Microblogging sites offers encryption setting - but not by default

Twitter users can now use the HTTPS protocol across the site, as yet another web company opts for better security for its users.

However, like Hotmail, Twitter isn't turning the added security protocol on by default and it doesn't yet work via mobile browsers.

Twitter has previously offered a secured version of the site by visiting https://twitter.com, but users can now request to the added layer of protection via the Settings menu.

"This will improve the security of your account and better protect your information if you’re using Twitter over an unsecured internet connection, like a public Wi-Fi network, where someone may be able to eavesdrop on your site activity," explained communications manager Carolyn Penner in the Twitter blog.

Penner said Twitter hoped to make HTTPS the default setting "in the future", but didn't explain why that wasn't happening now.

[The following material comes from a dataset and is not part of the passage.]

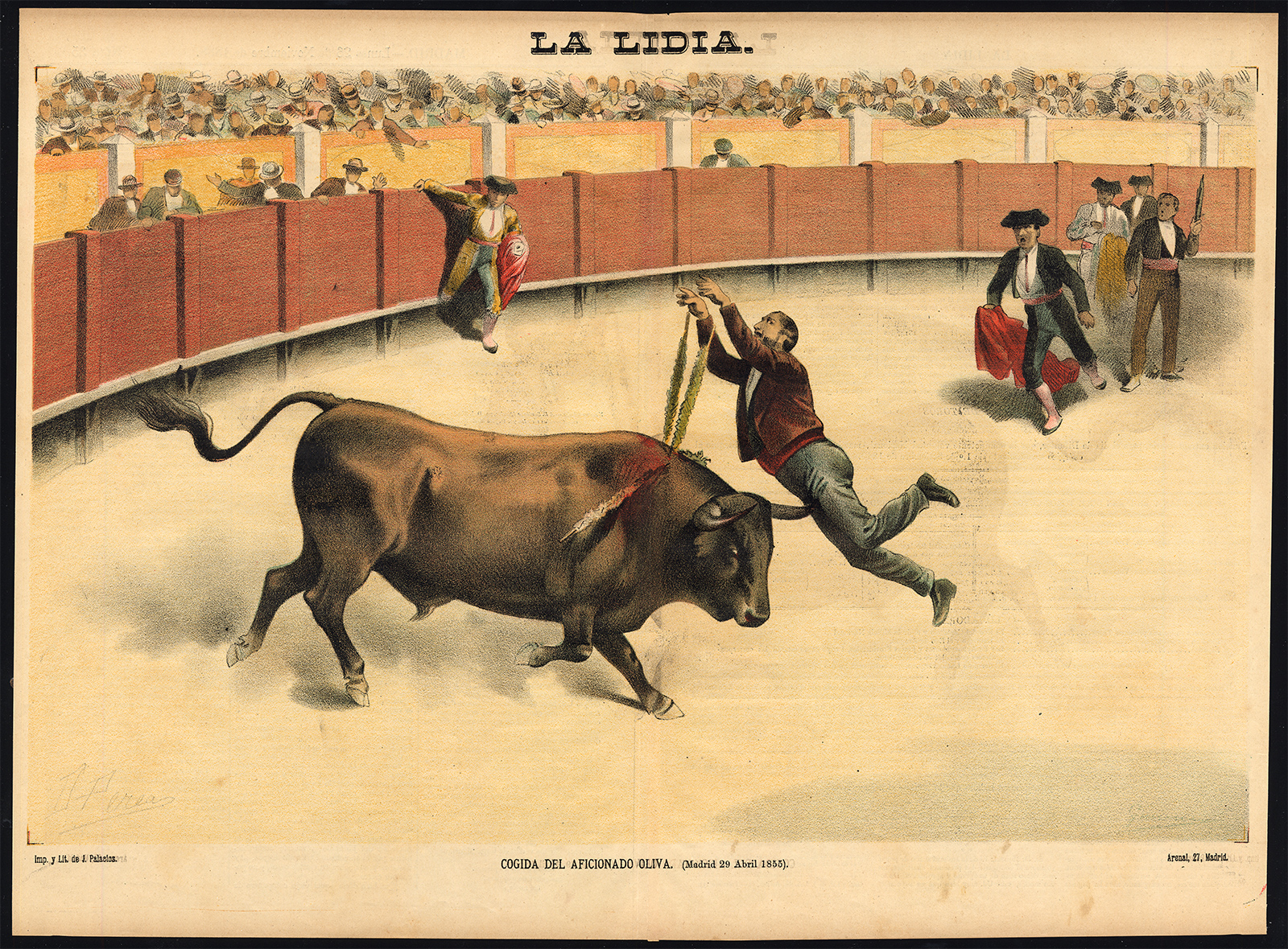 Onderwerp: Bord 35 – 1888: ‘Cogida del aficionado Oliva, Madrid 29 april 1855.’ Dit bord toont een stierenvechttafereel in een Spaanse arena.

The HTTPS setting is already the default for the login page, and when using the Twitter app on iPhones and iPads.

However, Penner warned that even if a user has selected the "always on" HTTPS, it doesn't carry over to mobile browsers or to all third-party apps.

If mobile users want the added security layer, they need to use https://mobile.twitter.com until the company finds a way to share the setting to phones. "If you use a third-party application, you should check to see if that app offers HTTPS," she added.

Needed security?

While email and retail sites may seem more obvious places for added security than Twitter - where the tweets are supposed to be public - Sophos researcher Paul Ducklin advised anyone using the site to switch on HTTPS.

When users sign into the site, Twitter sends a session cookie to the browser to keep you logged in. "You login once, and the session cookie identifies you for the rest of the current session," said Ducklin on the Sophos blog.

"Unfortunately, if you login to Twitter over unencrypted Wi-Fi - such as at a coffee shop or an airport lounge - then anyone who can sniff your session cookie can pretend to be you," he said. "That means they can post tweets as you. And you don't want that."